3.2.2 WRNL Block (Wide area non-local Block)

The illumination characteristics in the converter station cells make conventional blocks impractical. Thus, the WRNL block is first defined and then analyzed for its effectiveness using statistical knowledge.

Dividing WRNL input features X into a b feature map { X^kH, (k ═ 1.., ab), where k is the number of feature maps, by the formula

Generating an output characteristic, wherein,

representing the output characteristic of the kth profile at position i,

representing the ith row of feature points in the kth feature map,

represents the j-th row of feature points in the k-th feature map, ()^TA transposed matrix, W, representing a matrix_θ、

And W_gAll the weight matrixes have dimensions of C × L, C × L and C × C respectively, and L is C/2;

to represent

And a set of region locations S_iEach of which

The correlation between them; γ (·) represents a relationship function and γ (·) 1/(·) + 1). If a is>b, the grid is wider than a ═ b. Therefore, when a>b. a ═ b and a<And b, respectively calling the wide area rectangular block, the square block and the high area rectangular block.

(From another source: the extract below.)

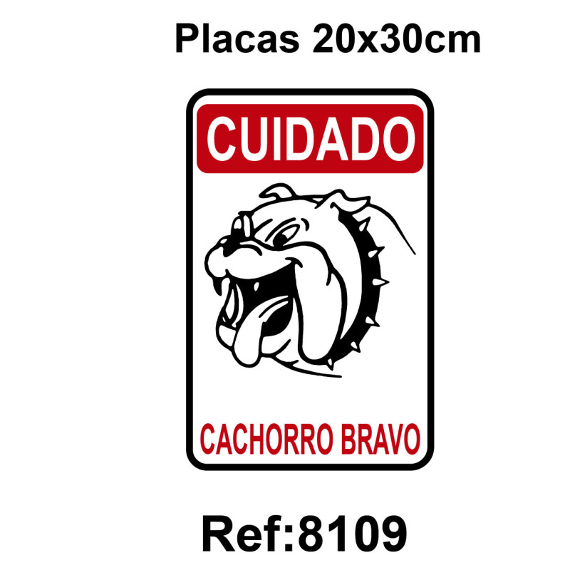 8109 PLACA CUIDADO CACHORRO BRAVO 20X30CM

Given that non-local blocks are based on information of other pixels in the blob to recover a particular pixel, enough background information is needed in each blob. However, due to the uneven distribution of the reflective layer, the regional non-local blocks are difficult to fully utilize the background information, and the wide-region rectangular patches have richer background information than the square and high-region rectangular patches. The image is divided into 16 × 4, 8 × 8 and 4 × 16 grids, respectively, and wide-area rectangular, square and high-area rectangular blocks are obtained. A pixel in the input reflected image and the corresponding de-reflected image is considered to belong to the reflective layer if the difference between the pixel exceeds a certain threshold. As shown in table 11, compared to the square and high-area rectangular patches, the wide-area rectangular patch has better peak signal to noise ratio (PSNR) and Structural Similarity (SSIM), and the distribution of the reflective layer is uniform over all patches, so that the image can be better restored.

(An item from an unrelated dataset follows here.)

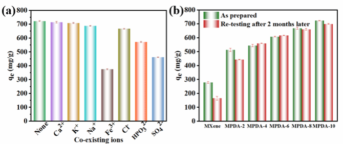 本工作提出了聚多巴胺(PDA)诱导的MXene仿生改性的新方法。为了探究PDA对MXene的微观结构和吸附性能的影响,PDA首先在MXene溶液中进行了原位聚合,制得MXene/PDA复合材料。本工作通过不同的吸附测量,深入研究了MXene/PDA复合材料对有害重金属离子Cr(VI)的去除能力。有趣的是,PDA纳米颗粒促进了MXene的剥离,从而导致比表面积增加和吸附位点暴露。此外,MXene和PDA在去除Cr(VI)方面有很强的协同作用,成功实现了对Cr(VI)的极高吸附能力(862.3mg/g);同时,吸附在复合粒子上的Cr(VI)约有54.3%还原为Cr(III)。在水基条件下存放两个月后,MXene的稳定性得到了极大的改善,复合材料仍然表现出较高的吸附能力,其吸附能力仅降低了3.3%。本工作表明MXene/PDA复合材料可以作为一种替代性的吸附剂,用于去除废水系统中的有害Cr(VI)。

TABLE 11 regional non-local Block regional type ablation experiments

3.2.3 network training Process

Constructing a data set; and training the reflection interference removing network by using a data set, obtaining the trained reflection interference removing network when a convergence condition is met, inputting the image with the reflection interference collected in real time into the trained reflection interference removing network, and outputting a picture with the reflection interference removed. The data set comprises a public data set and a screen cabinet pressing plate state image data set in a protection cell of an extra-high voltage converter station, and the data set is as follows: the ratio of 3 is randomly divided into a training set and a test set.

The convergence condition is that a loss function reaches a minimum value, and the loss function comprises:

L₁＝||x_gt-f(x_input)||₁+||x_gt-f(x_input)||₂

wherein x is_inputRepresenting the input reflected image, x_gtRepresenting the corresponding de-reflection image, f representing the output of the de-reflection interference network, | | | | | calculation_FRepresenting the F norm calculation and F taking 1, 2.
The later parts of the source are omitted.